Almost every corner of our bodies, including the gastrointestinal tract, is teaming with microorganisms. Ignis/Wikimedia Commons (CC BY-SA 3.0)

Almost every corner of our bodies, including the gastrointestinal tract, is teaming with microorganisms. Ignis/Wikimedia Commons (CC BY-SA 3.0)

 

According to science journalist Ed Yong, author of the recent book I Contain Multitudes, it's unlikely that microbiota actually drove our speciation. “But they almost certainly do influence our evolution," he says. "For example, we know that the gut microbiomes of Japanese people (and some others) are better at digesting the complex carbohydrates in seaweed because they have acquired seaweed-busting genes from marine microbes.”

This evolutionary influence runs both ways. Just as our microbes have shaped our evolution, we have shaped theirs. “The gut, in particular, is a weird environment for microbes – dark, low in oxygen, but high in nutrients," says Yong. "Time and again, we've seen that many lineages of microbes have entered that niche and diversified rapidly, just like the Galapagos finches or Hawaiian honeycreepers.

"By concentrating microbes in a small space, the human body also makes it more likely that these organisms will exchange genes – again, accelerating the pace of their evolution.”

The interesting part of this is that our microbial inhabitants evolve on a far more rapid timescale than we do. Several generations of microbes may rise and fall in a single day, allowing the forces of evolution to act quickly. A number of factors interplay to shape the short-term evolution of our microbiomes, including diet, genetics, and environment. These factors can drastically remodel our microbial communities and, in turn, have significant effects on our health.

But our microbiome has also been evolving with us on a larger timescale.

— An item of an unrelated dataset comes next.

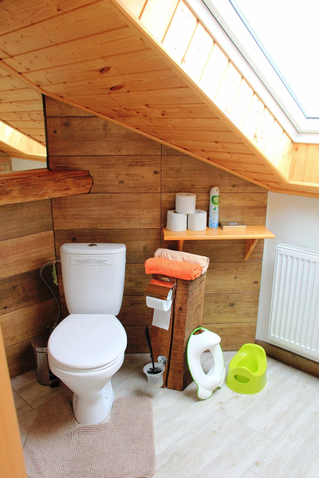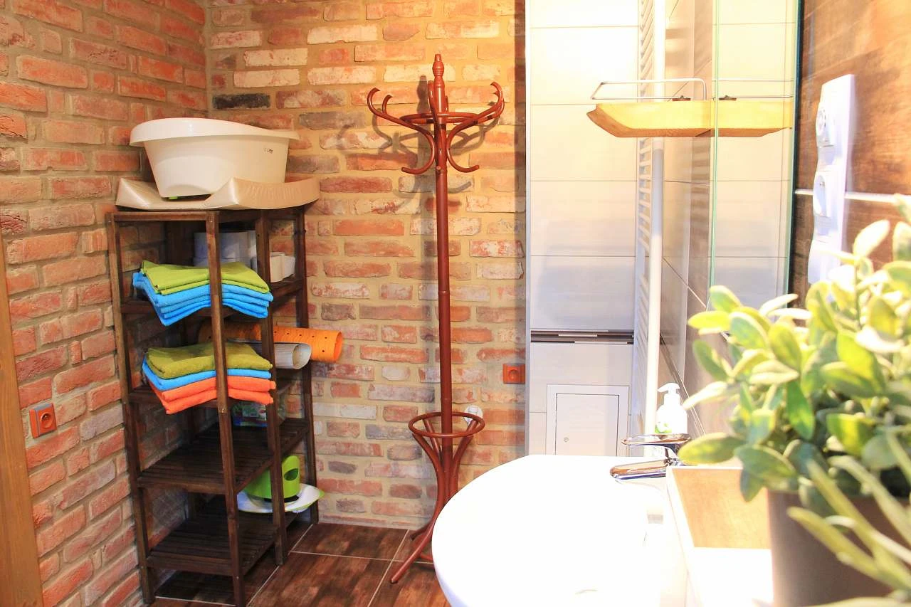 Koupelna - sprchový kout, WC, ručníky, osušky, mýdlo na ruce, toaletní papír, vysoušeč vlasů, pro malé děti vanička, lehátko do vaničky, přebalovací podložka, nočníky, adaptéry na WC.

As we have adapted to changes in our diet and environment, so too have our microscopic companions. According to Yong, we can trace our shared history with our microbiota by examining those of our closest cousins, the great apes.  “Andrew Moeller and Howard Ochman have shown that several gut microbes have diversified in parallel with the great apes, such that their family history mirrors ours,” he says.

 
Our modern Western diet, rich in dairy products, took some evolving to get used to. April Sorrow/Flickr (CC BY-NC 2.0)

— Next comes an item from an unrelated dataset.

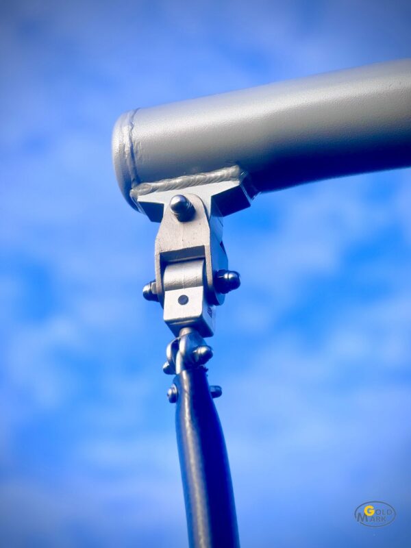 Konstrukcja karuzeli Monsoon 2 oparta jest na stalowym słupie centralnym oraz ramionach wykonanych z wysokiej jakości stali, która została zabezpieczona antykorozyjnie i pomalowana farbą proszkową. Takie rozwiązanie zapewnia wieloletnią odporność na intensywną eksploatację oraz zmienne warunki atmosferyczne.

Our modern Western diet, rich in dairy products, took some evolving to get used to. April Sorrow/Flickr (CC BY-NC 2.0)

 

During African ape diversification, changes to the microbiome occurred slowly and in a step-wise fashion, reflecting the evolution of their hosts. Human evolution has since veered off this slow and predictable course at an accelerated pace, largely because of rapid changes to our diet and environment. Modern humans have lost the diversity of microbes that we see in our ape cousins and have become highly specialised for animal-based diets.

Other research has found that the microbiota of modern Western humans differ greatly from those of traditional hunter-gatherer tribes, and are better at processing carbohydrates and foreign compounds. Such changes have allowed Western humans to take advantage of our sugar-rich diets and process non-food items such as therapeutic drugs.

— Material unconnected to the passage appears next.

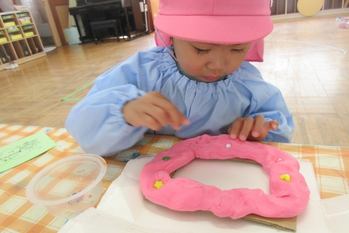 指を入れて顔を作ったり、ビヨ~ンと長く伸ばしてみたりして感触を楽しみながら力いっぱいこねました💪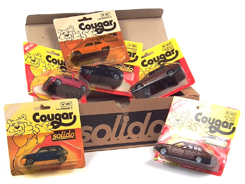 série 'COUGAR' - sous blisters jamais ouverts regroupés en coffret (référence 1314 VOLKSWAGEN GOLF) - comprend les modèles : PEUGEOT 504 (2 exemplaires), TALBOT TAGORA (3 exemplaires dont un avec blister déchiré), RENAULT 5 (2 exemplaires - boîtes décolorées avec un blister déchiré), PEUGEOT 104 (2 exemplaires), VOLKSWAGEN GOLF & CITROEN 2CV

When you look at human evolution through the perspective of the microbiome, some interesting questions arise, especially given the rapid timescale on which microbes can evolve. Could we perhaps harness this evolution and direct it to improve our health? At this stage, we’re still not certain of precisely how our microbes are affecting us and how we are affecting them. Microbiome research is still a fledgling area, and there’s far more we don’t know than what we do.

The story of human evolution is the story of a relationship that has existed since the beginning of our existence, and will doubtless be an influential force in the future of our species. The lives that play out inside us can govern important bodily functions, and so affect our evolution. In turn, our own actions, such as diet and lifestyle, can govern the evolution of our microbes. Deeper research on a genomic scale will help to elucidate our history with our microbes ‒ and our future, too.